On Thursday, February 7, 2019 at 11:37:30 AM UTC-5, Jim Wilkins wrote:
"David Billington" wrote in message
...
On 07/02/2019 06:52, Mike Spencer wrote:
"Jim Wilkins" writes:

"Mike Spencer" wrote in message

[I didn't write that; you did. :-]

Why do you think US and Canadian speech sounds almost identical
yet so
different from British?
To the extent that's true, I'd assume the influence of the media.
Lots of US TV here in Canada, not so much from the UK. I haven't
had
a TV for 40 years but I see it periodically over my dentist's
chair.
Last time to the tooth wrangler, I realized US TV can be
characterized
as "fat people yelling at each other". Unfair, I know, to programs
such as yoga classes but a fair first approximation?

But then...

Many up-scale folks in Toronto & Ottawa have inflections that sound
to
people from other provinces as "kinda British". Rural people in
Nova
Scotia didn't sound either Brit or Merkin 50 years ago, unique
Lunenburg (German influence) and Cape Breton (Scots and Gaelic)
pronounciation and usage. After moving here 50 years ago, I had to
learn that "C'mintha hice" was an invitation to enter. That's all
fading gradually away.

In 1980, I was on a bus filled with other blacksmiths proceeding
from
Ironbridge to Hereford. A guy in the seat behind me -- a certified
Brit whose normal delivery was what I took to be UK
upper-middle-class
urban -- was recounting a yarn to his seatmate in some particular
English regional dialect. It sounded exactly like the adults I
knew
in (Leftpondian) New Hampshire 65 years ago.

I think TV has an influence as a number of Dutch friends, especially
younger ones, speak English with a pronounced US accent and they
have a lot of US programs on Dutch TV.


The Germans who spoke English sounded American too. Generally the
well-educated foreign English speakers I've met, such as from
Argentina and Africa, had British accents. I don't expect American to
be the world standard.


A few decades ago, linguists were saying that the main influence that distinguished American English was that of German immigrants. The blended result was the general accent we Murkins have today.

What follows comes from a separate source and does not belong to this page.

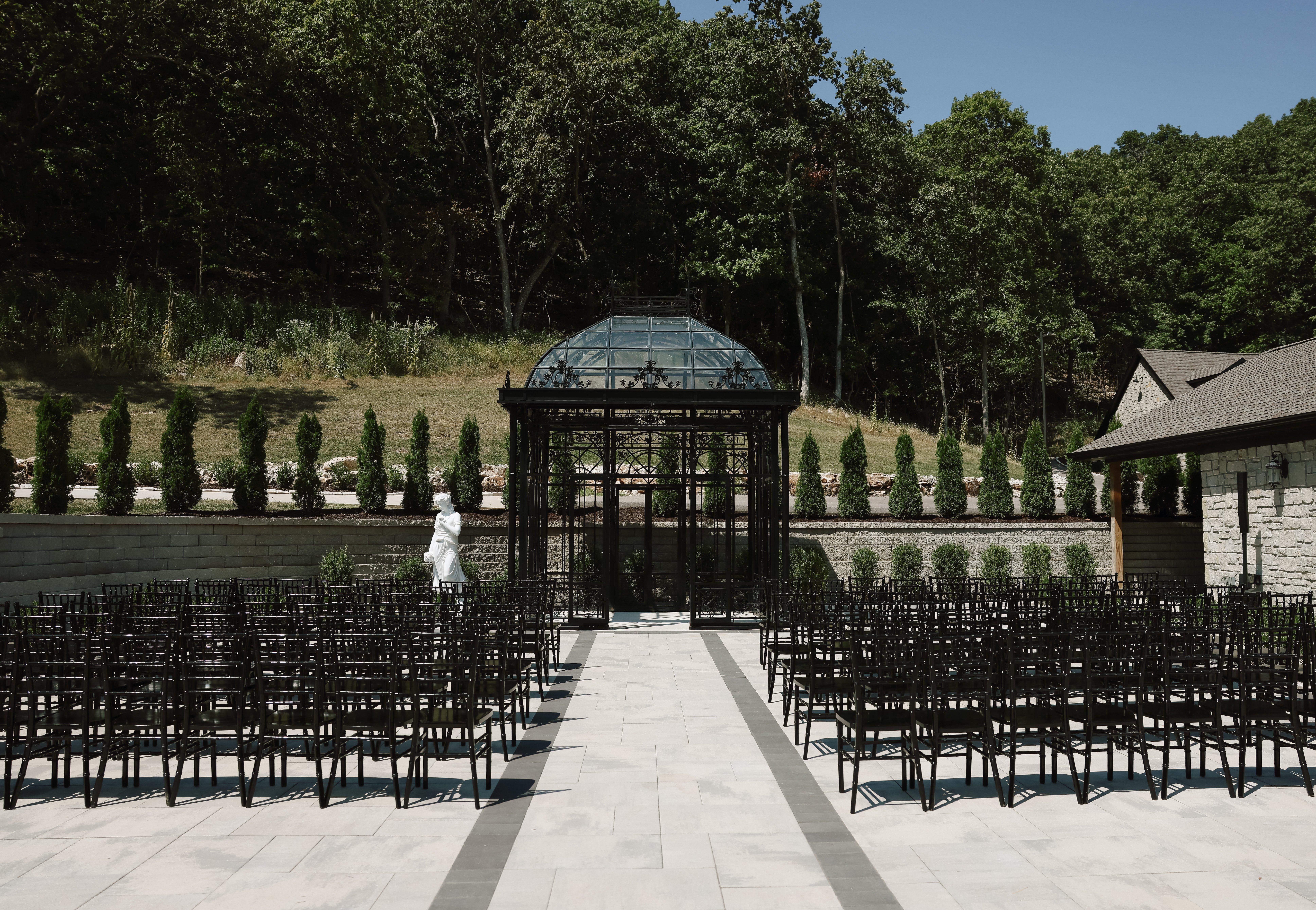 Knotting Hills is a 75-acre resort just 30 minutes from the heart of St. Louis, offering two secluded venues; The Main Venue and The Lake. Located in a valley surrounded by Missouri forest, European-inspired grounds and architecture fill the space with extensive gardens, scenic Lake views, fountains, and a waterfall. On-site accommodations and housing are available for up to 60 guests. The Bridal Suite and Groom's Quarters at each venue include special details to elevate wedding weekend experiences from start to finish, such as a pickle ball court, putting green, arcade games, cigar lounge, pool, jacuzzi and more.
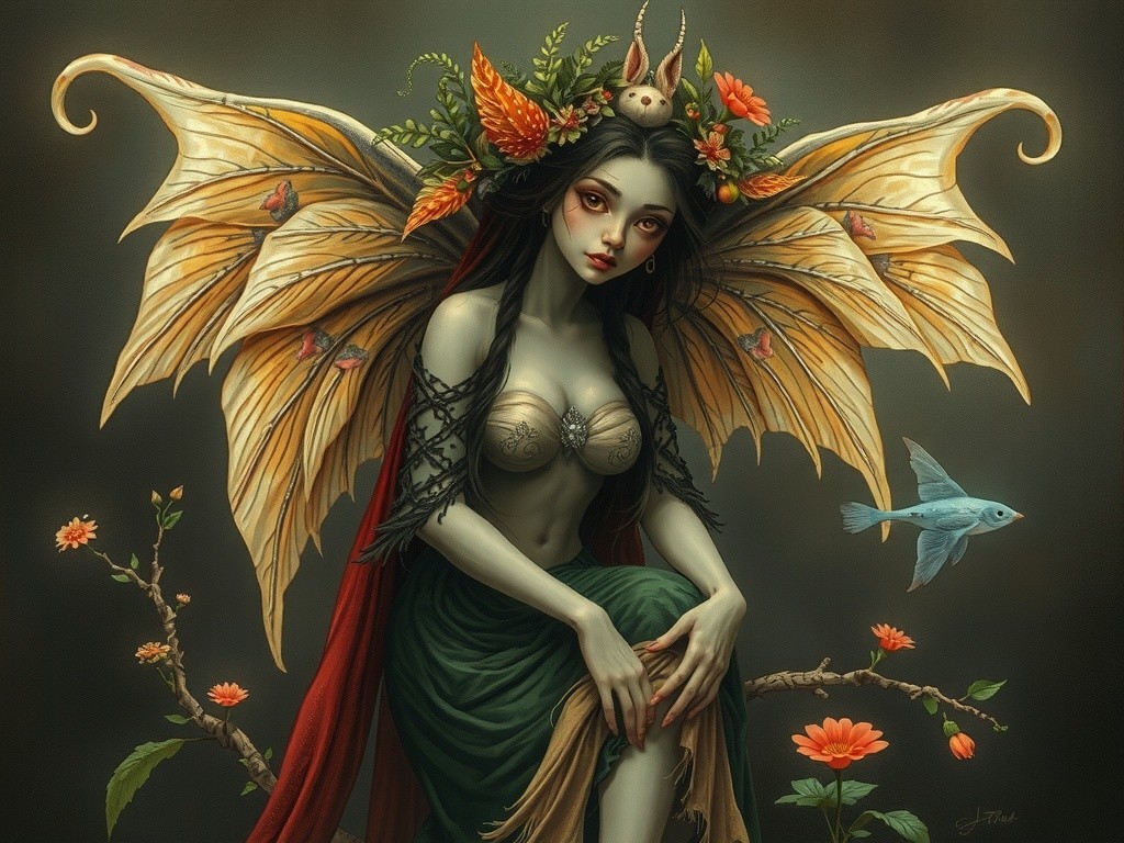 An ethereal woman with autumn leaf wings sits in a forest, accompanied by two foxes, with a mystical aura.

I haven't checked to see if this opinion has remained the same in the years since.

Of course, there were many other influences as well, and a lot of regional differences that are slowly disappearing. For example, the area of New England from Providence to the north still tends toward non-rhotic ("r" is silent) pronunciations, except for those who came from southwestern England (like my ancestors).